Schindler’s List is a movie about the Holocaust in World War II and a German businessperson’s fight to save the lives of as many Jews as he could. He accomplished this through business trickery and giving many bribes and gifts to Nazi officials. At the end of the movie, he laments how he could have saved more people if he had only sold more of his belongings and hadn’t wasted so much money. He looks at his car and estimates that it was worth ten people’s lives and his gold Nazi pin, which could have been used to bribe and save one more person. It’s a powerful scene where someone who saved 1,100 lives wished he could have done more and he didn’t.
I was thinking about this scene and how it mirrors our efforts toward salvation. Every time we pray, fast, or practice virtue, we are bringing souls closer to Heaven. This may be our own soul or it may be someone else’s. Our prayers save lives. Prayers, fasting, and offerings save people from eternal damnation in Hell. Likewise, there are those freed from the torments of Purgatory because of prayers.
Like Oskar Schindler’s realization and the end of the film, while we may do much to save souls, we can often do so much more. Think of all the desserts you’ve had that could have been offered instead as a sacrifice. Or the doom-scrolling and binge-watching that could have been spent in prayer. I can visualize myself in Oaskar’s shoes, standing before God one day, seeing the events of my life, and lamenting how I could have done more but didn’t.
Few people truly understand the power of prayer and fasting. Personally, I often forget about it when I indulge in more earthly delights — that extra dessert, the 10 more minutes of mindless YouTube videos, giving less money in the parish’s offertory, not striving to do charitable works, etc. There are so many missed opportunities to save souls every day. Imagine the difference we could make if we made one more sacrifice each day. Think of the souls we would convert and save!
It’s rare that people dedicate their lives to prayer for their souls and the souls of others. That is what the children at Fatima did after our Mother Mary gave them a glimpse of Hell. How many of those souls in Hell might have been converted and saved if someone had taken a little extra effort to pray for them? The children of Fatima understood this and oriented their entire lives around saving as many people from Hell as they could through prayer, fasting, and sacrifice. If only we were all that dedicated.
I need to add a small disclaimer. I’m not saying that not fasting or not praying will send people to Hell. Think back to Oskar Schindler’s regret about not doing enough. He did not exterminate the Jews; the Nazis did. And we don’t have the power to determine someone’s eternal fate. God alone reserves that power. What I’m saying is that when we don’t pray, fast, or practice virtue, we miss an opportunity to help bring people closer to God. A missed prayer or sacrifice could have given you or someone else that needed spiritual boost to resist temptation or shave some time from purgatory.

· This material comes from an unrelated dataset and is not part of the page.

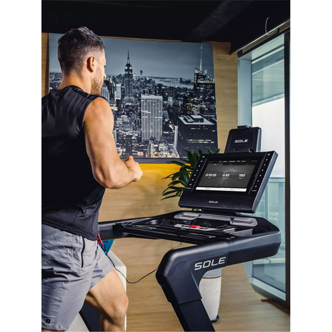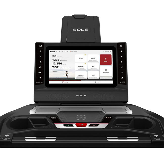 The brand-new Sole F85 treadmill features a sleek, modern design, a sturdy steel Z frame, a big, powerful 4HP motor, and a lifetime warranty. The wide 22 X 60" running surface, a new 15.6" Touch Screen that connects you to a variety of workout and media options, and Garmin Connect are all included, maintaining the legacy of the F85. Include a new wireless 2amp charging pad, a new display console design with a tablet holder and cooling fans, and sole reliability for everything.

While we are called to act as the saints do, most of us fall short. But that doesn’t mean we can’t strive to do a bit more. We can fast a little more, pray a little longer, and sacrifice life’s minor pleasures, and offer our sufferings as small as they might be. Maybe when we enter God’s kingdom, we will see all those souls our actions in our life helped save. And hopefully, we don’t regret the many more souls that may have been saved if we had done just a little more.